Godfrey leaped over her and landed on the back of a screaming horse. It reared wildly and nearly threw him off. Darvade focused Coercion as he mounted another, soothing the steed immediately.
He turned to Godfrey. "Get that beast under control!"
The Norlander closed in, his battle-axe whirring. Darvade focused Transference as he pointed at the Norlander. He was not strong with the Craft, but the ripple of pure force knocked the big man completely off his feet. At any other time, his startled yelp would have been amusing.
Darvade felt the ripples of Eler as Godfrey focused Scintilla, the Craft of fire.
The lamppost next to the approaching Huntsmen exploded in a ball of flame so bright and blistering that they were flung to the ground shielding their faces.
That was all the time Darvade and Godfrey needed. They spurred their horses forward, galloping hard down the road leading out of town. Luck. They would need more of it if they were to make it through the night alive.
They had a good head start, and their horses ran in sheer terror. The beasts could sense that they had not men on their backs, but something that filled their animal senses with dread, spurring them forward ever faster. Darvade looked over his shoulder. The Huntsmen were swift to mount the remaining horses, but they were not gaining. It looked as though he and Godfrey would be able to lose them in the forest.

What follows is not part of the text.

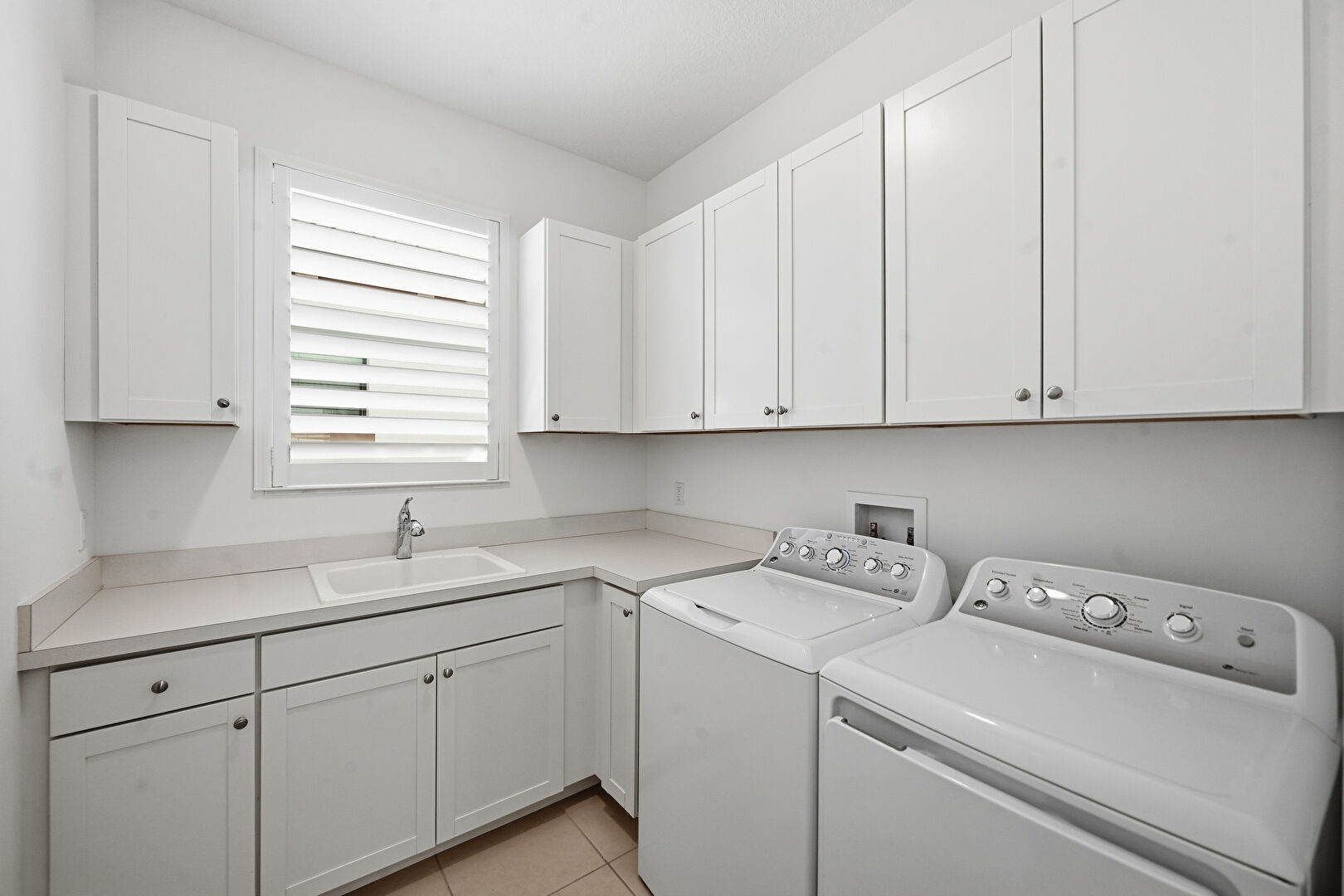 Drywall, Laundry, Natural Light, Tile Floor, Washer Hookup

When they reached the outskirts of the woods, a terrible scream rent the air. The sound was unearthly, reverberating all around them, crawling across Darvade's skin like insect legs. His horse reared with a terrified whinny, unseating him. He hit the ground hard, cursing. When he rolled out of the way of the stamping hooves, he looked up at the apparition that rode from the fog and darkness.
The face of Death stared back at Darvade, a black-armored giant with ember eyes flaring from its massive horned helm. The ominous figure sat atop a terrible steed that billowed gouts of fire from its nostrils. Darvade had never seen a Reaver or a Night Mare before, but he knew of them through legends that were still fearfully whispered ages after the last sightings.

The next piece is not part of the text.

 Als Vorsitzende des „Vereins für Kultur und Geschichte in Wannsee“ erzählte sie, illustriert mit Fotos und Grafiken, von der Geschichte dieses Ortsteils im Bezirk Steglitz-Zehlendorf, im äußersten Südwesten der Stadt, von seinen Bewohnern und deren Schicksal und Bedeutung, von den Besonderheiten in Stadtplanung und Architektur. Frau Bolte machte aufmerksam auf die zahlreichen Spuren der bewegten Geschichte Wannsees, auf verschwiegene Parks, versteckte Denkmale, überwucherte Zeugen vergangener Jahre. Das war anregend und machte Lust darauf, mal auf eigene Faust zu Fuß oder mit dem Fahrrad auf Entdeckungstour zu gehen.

Yet it was no ghost that towered over him, no translucent specter that unsheathed a double-handled black longsword and rode a beast so monstrous that it could scarcely be called a horse. The heavily-armored death knight was terrifying real, its appearance far more dreadful than any legend could describe. The Night Mare screamed again, exhaling sulfuric fumes and streams of living fire.
Darvade screamed as the flames ate him alive.
Postlude: Masiki
The Eidolon were beings from a different Age, a time when the boundaries between worlds were still malleable. Spirit, specter, phantom, ghost — Masiki had heard her ghastly guardians described by many different labels. The misinterpretation was reasonable. Only the thinnest layer of dry, crusted skin prevented their faces from being bare skulls, and their sockets flared with glimmering, unearthly light in place of eyes. Their loose-fitting robes and cloaks were beyond white; iridescent light flared from the garments that never stood still, but billowed and fluttered as though stirred by gale winds.
But they were not spirits, nor were they undead creatures somehow bound to the living world. They were experiments, punishment inflicted by the Man with Mirrored Eyes upon his enemies, betrayers, and traitors who dared to turn against him in his time of need. Instead of profiting from their treachery, they suffered the consequences: their forms altered, their minds enslaved so their every thought was of pleasing their lord and master. In the end, they served him far more loyally than they ever did when they were human.
Their employment came in many forms: vigilant guardians, ruthless assassins, or zealous hounds that tracked their targets across worlds if necessary. There was little that could harm the Eidolon, and even less that could destroy them. They were more energy than anything else: dark puissance in decaying flesh, cloaked in radiance, locked in subservience.